### DATA PROVIDED
* * *
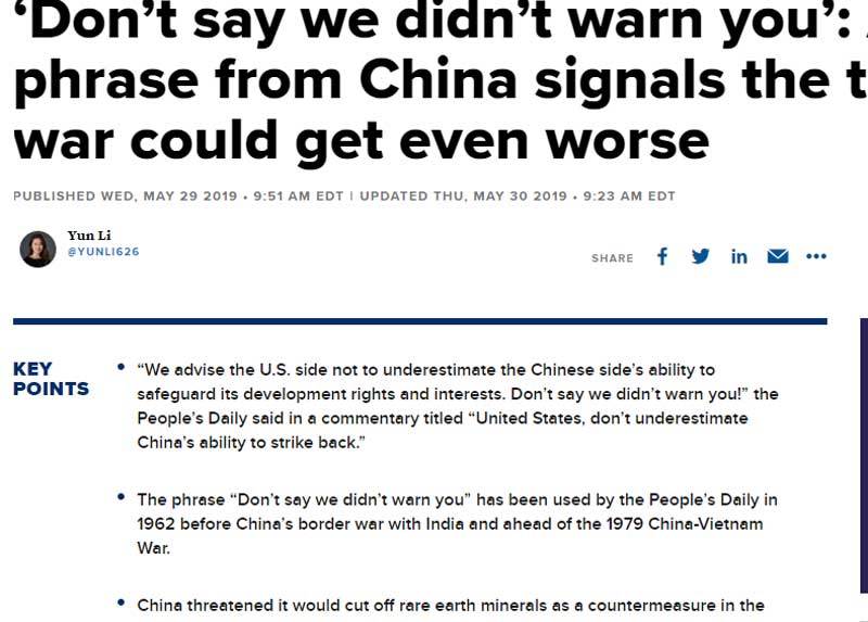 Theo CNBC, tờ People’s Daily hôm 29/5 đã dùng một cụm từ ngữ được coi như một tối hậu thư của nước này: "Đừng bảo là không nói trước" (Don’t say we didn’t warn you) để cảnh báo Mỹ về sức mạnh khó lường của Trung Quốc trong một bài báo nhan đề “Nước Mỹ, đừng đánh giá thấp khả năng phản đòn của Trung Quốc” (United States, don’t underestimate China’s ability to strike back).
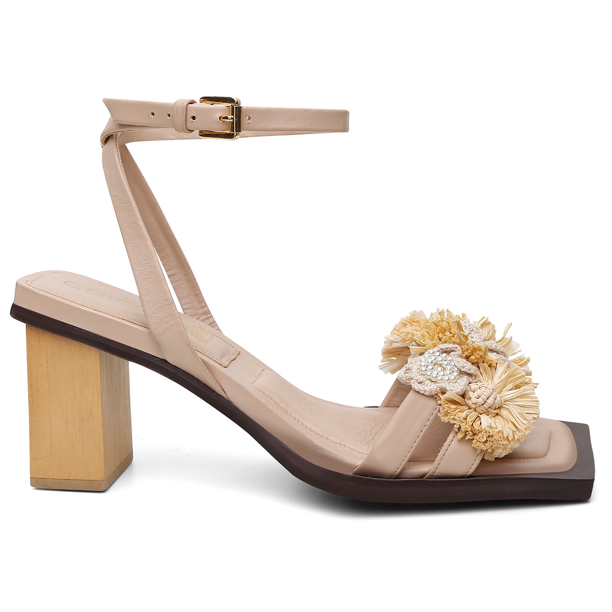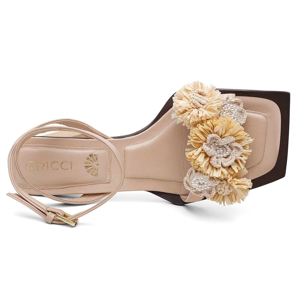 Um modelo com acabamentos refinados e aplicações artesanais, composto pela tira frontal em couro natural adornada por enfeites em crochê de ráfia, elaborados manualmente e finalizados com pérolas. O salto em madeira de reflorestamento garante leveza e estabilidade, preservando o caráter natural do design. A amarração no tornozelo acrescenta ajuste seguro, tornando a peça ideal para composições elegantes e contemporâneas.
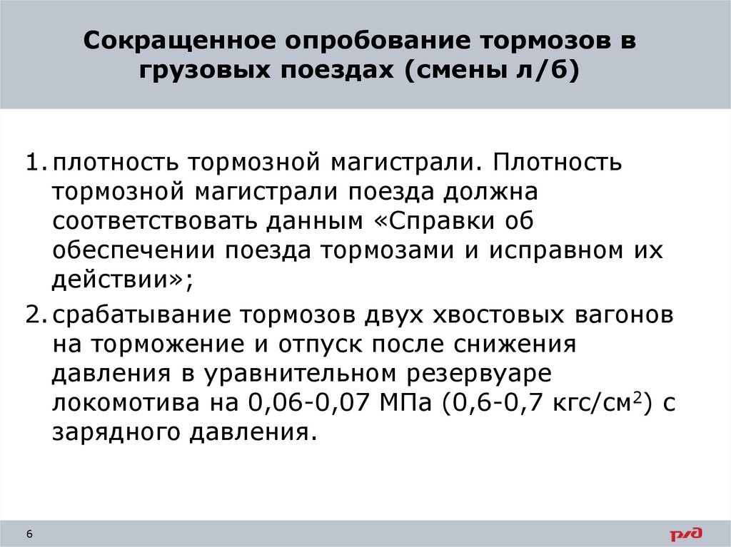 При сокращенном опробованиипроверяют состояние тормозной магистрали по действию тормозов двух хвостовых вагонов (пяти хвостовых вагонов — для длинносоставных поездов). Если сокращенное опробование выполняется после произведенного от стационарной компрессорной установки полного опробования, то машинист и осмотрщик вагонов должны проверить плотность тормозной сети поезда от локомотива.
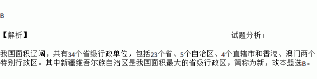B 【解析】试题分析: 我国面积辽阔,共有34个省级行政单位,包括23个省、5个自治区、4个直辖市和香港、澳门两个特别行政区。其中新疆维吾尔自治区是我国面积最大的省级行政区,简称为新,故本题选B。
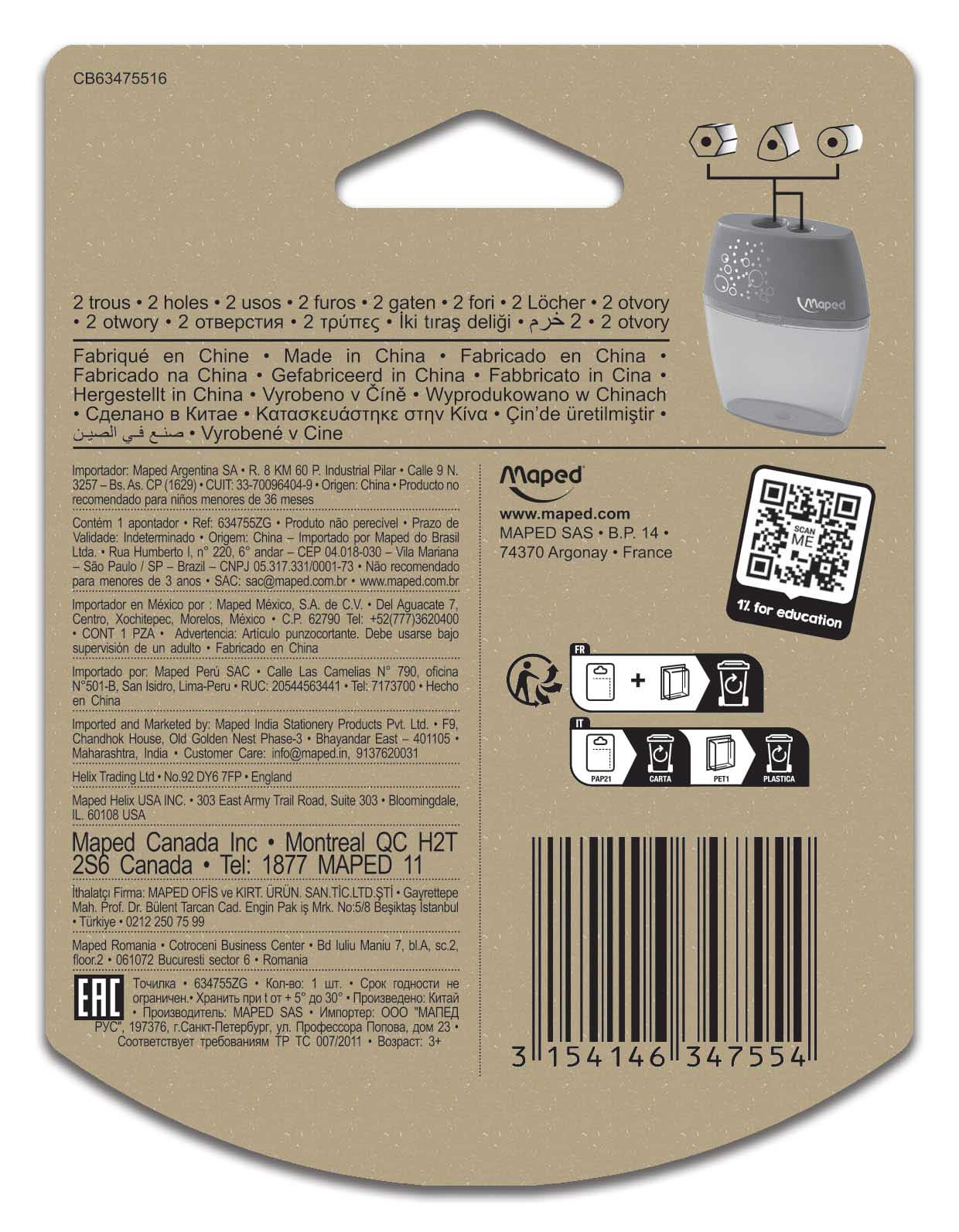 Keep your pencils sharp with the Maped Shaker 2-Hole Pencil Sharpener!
* * *
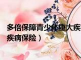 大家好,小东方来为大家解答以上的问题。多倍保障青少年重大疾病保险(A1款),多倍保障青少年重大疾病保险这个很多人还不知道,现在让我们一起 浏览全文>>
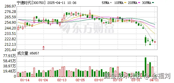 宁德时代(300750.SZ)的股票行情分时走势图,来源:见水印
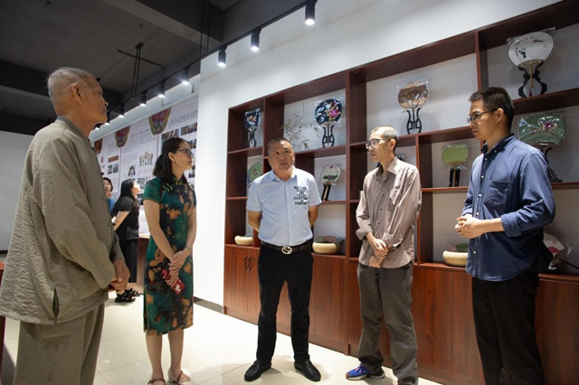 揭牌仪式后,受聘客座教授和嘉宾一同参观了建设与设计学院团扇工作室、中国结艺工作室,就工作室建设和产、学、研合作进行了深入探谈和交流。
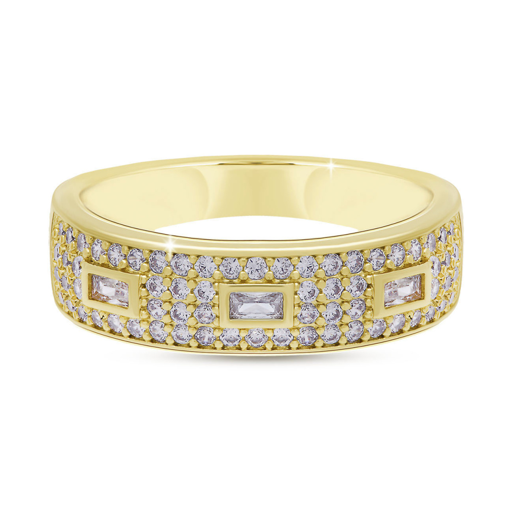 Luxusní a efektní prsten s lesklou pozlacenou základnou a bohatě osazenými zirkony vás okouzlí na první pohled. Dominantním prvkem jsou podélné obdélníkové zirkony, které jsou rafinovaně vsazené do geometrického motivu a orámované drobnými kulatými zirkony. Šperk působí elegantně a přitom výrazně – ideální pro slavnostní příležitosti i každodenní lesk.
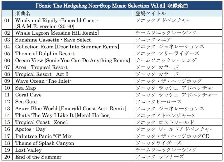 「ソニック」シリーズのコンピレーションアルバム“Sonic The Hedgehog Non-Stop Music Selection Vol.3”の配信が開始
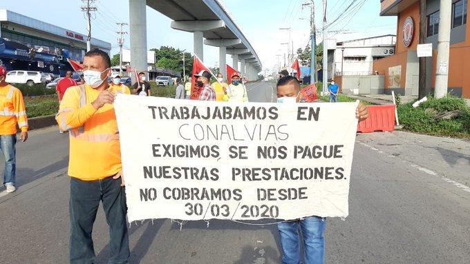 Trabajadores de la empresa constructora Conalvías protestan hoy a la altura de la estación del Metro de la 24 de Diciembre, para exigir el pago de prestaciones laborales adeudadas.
* * *
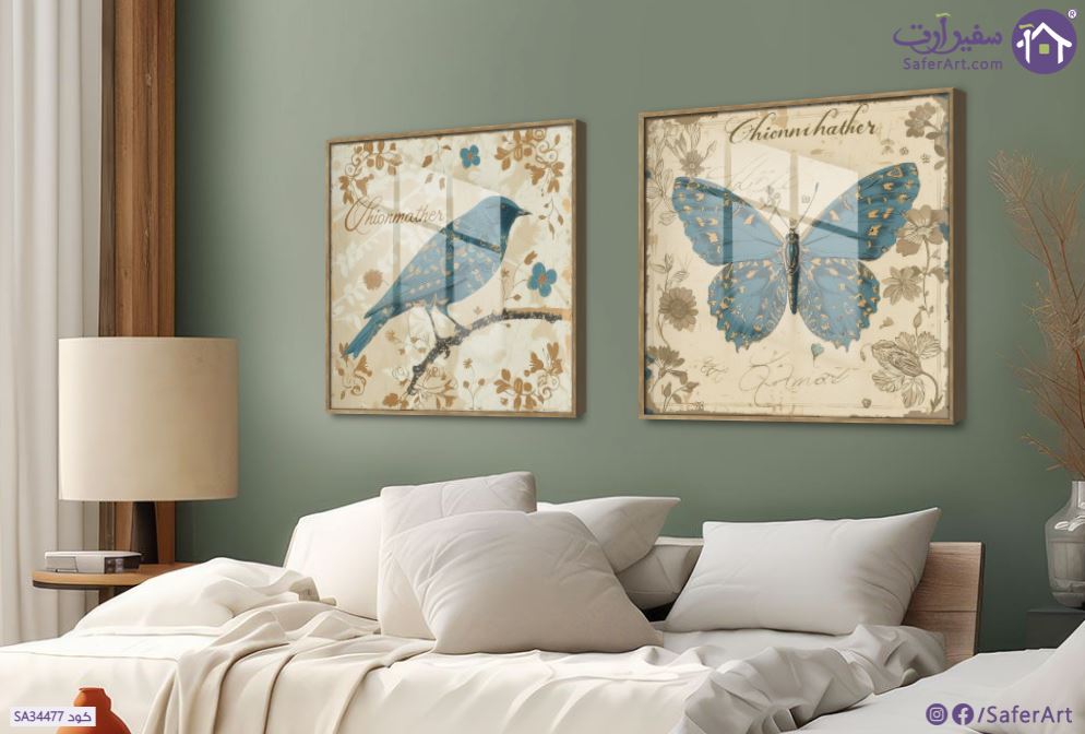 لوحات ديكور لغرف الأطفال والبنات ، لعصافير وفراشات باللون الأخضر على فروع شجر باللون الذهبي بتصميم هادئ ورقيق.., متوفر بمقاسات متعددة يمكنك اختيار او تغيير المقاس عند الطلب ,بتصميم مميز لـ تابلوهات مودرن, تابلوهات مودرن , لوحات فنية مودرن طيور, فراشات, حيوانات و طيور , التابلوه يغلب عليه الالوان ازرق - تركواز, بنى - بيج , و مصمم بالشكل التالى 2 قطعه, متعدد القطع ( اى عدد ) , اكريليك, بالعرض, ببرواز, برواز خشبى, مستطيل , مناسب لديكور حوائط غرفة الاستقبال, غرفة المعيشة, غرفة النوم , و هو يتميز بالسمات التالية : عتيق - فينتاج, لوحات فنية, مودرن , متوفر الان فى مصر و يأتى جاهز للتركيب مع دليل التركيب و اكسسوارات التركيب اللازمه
* * *
### WHAT IS REQUIRED
Nothing but the lines above from the one that has "При сокращенном опробованиипроверяют" down to the one that has "Keep your pencils" belongs in the answer, copied exactly, without pictures.

### WRITTEN SOLUTION
 При сокращенном опробованиипроверяют состояние тормозной магистрали по действию тормозов двух хвостовых вагонов (пяти хвостовых вагонов — для длинносоставных поездов). Если сокращенное опробование выполняется после произведенного от стационарной компрессорной установки полного опробования, то машинист и осмотрщик вагонов должны проверить плотность тормозной сети поезда от локомотива.
B 【解析】试题分析: 我国面积辽阔,共有34个省级行政单位,包括23个省、5个自治区、4个直辖市和香港、澳门两个特别行政区。其中新疆维吾尔自治区是我国面积最大的省级行政区,简称为新,故本题选B。
 Keep your pencils sharp with the Maped Shaker 2-Hole Pencil Sharpener!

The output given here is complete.